Die CSDDD markiert einen bedeutenden Paradigmenwechsel weg von freiwilligen CSR-Initiativen, die sich als unzureichend erwiesen haben, hin zu verpflichtenden Sorgfaltspflichten entlang der Wertschöpfungsketten von Unternehmen. Die Richtlinie verpflichtet Unternehmen dazu, negative Auswirkungen auf Gesellschaft und Umwelt zu identifizieren, zu verhindern, abzumildern und schließlich zu beenden. Darüber hinaus müssen sie einen Plan für den Übergang zu einem klimaneutralen Geschäftsmodell im Einklang mit den Zielen des Pariser Abkommens erarbeiten.
Noch bis vor kurzem hing das Schicksal der Richtlinie in der Schwebe, nachdem langwierige Verhandlungen zwischen den Mitgliedstaaten im Rat der EU zu erheblichen Änderungen des Gesetzestextes geführt hatten. Doch die Abstimmung im Europäischen Parlament im April und die finale Annahme durch den Rat im Mai bestätigen einmal mehr: Unternehmen sollten sich zeitnah auf die CSDDD vorbereiten. Angesichts der weitreichenden Auswirkungen für Unternehmen sind sich die politischen Entscheidungsträger einig, dass die CSDDD das unternehmerische Handeln in Europa und darüber hinaus grundlegend verändern wird.
Mehr als 6.000 Unternehmen direkt betroffen
Der Geltungsbereich der CSDDD wird anhand von Umsatz- und Mitarbeiterschwellen festgelegt, KMU wurden generell ausgeschlossen. Die ursprünglich vorgesehene gezielte Verschärfung des Anwendungsbereichs für Hochrisikosektoren wurde im Laufe der Verhandlungen gestrichen.
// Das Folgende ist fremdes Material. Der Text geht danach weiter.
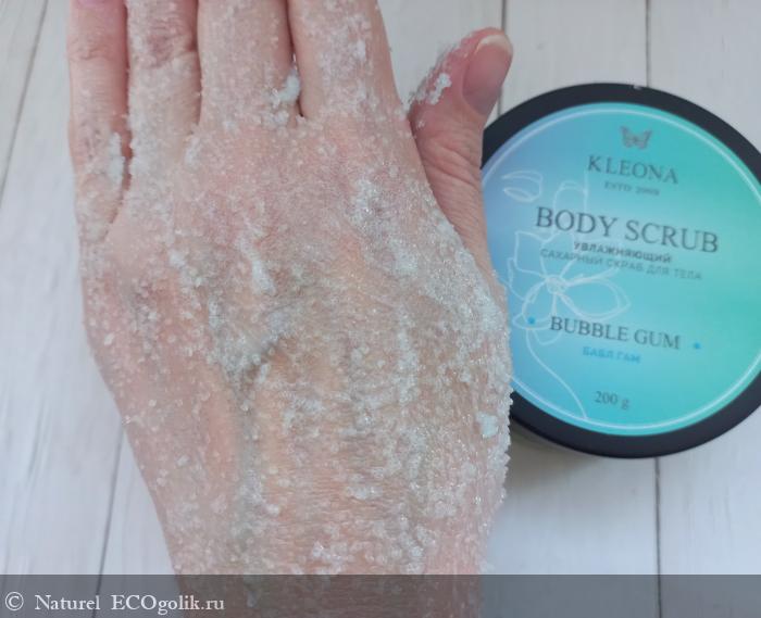 Увлажняющий сахарный скраб для тела «Bubble Gum» от бренда Kleona– это настоящая находка. Он обладает неверотяным ароматом, не травмирует кожу, а самое главное обеспечивает качественное скрабирование и отличный ухаживающий эффект за счет увлажнения. Вы обязательно должны попробовать эти скрабы. Я попробовала пока 3: Тутти-Фрутти, Бабл Гам и Нежную лаванду, и каждый оставил неизгладимое впечатление в моем сердце.

Die CSDDD wird nun für Unternehmen gelten, die folgende Kriterien erfüllen:
- EU-Unternehmen mit mehr als 1.000 Beschäftigten und einem weltweiten Jahresumsatz von mehr als 450 Millionen Euro.
- Nicht-EU-Unternehmen mit einem Jahresumsatz von mehr als 450 Millionen Euro, der in der EU erzielt wird.
Von der Richtlinie sind schätzungsweise rund 5.300 Unternehmen in der EU und ca. 800 Unternehmen mit Sitz außerhalb der EU betroffen. Die Zahlen sind wesentlich höher, wenn man indirekte Auswirkungen auf KMU berücksichtigt, die Teil der Wertschöpfungsketten großer Unternehmen sind und erwartungsgemäß deren Bemühungen zur Einhaltung der Sorgfaltspflichten unterstützen werden müssen.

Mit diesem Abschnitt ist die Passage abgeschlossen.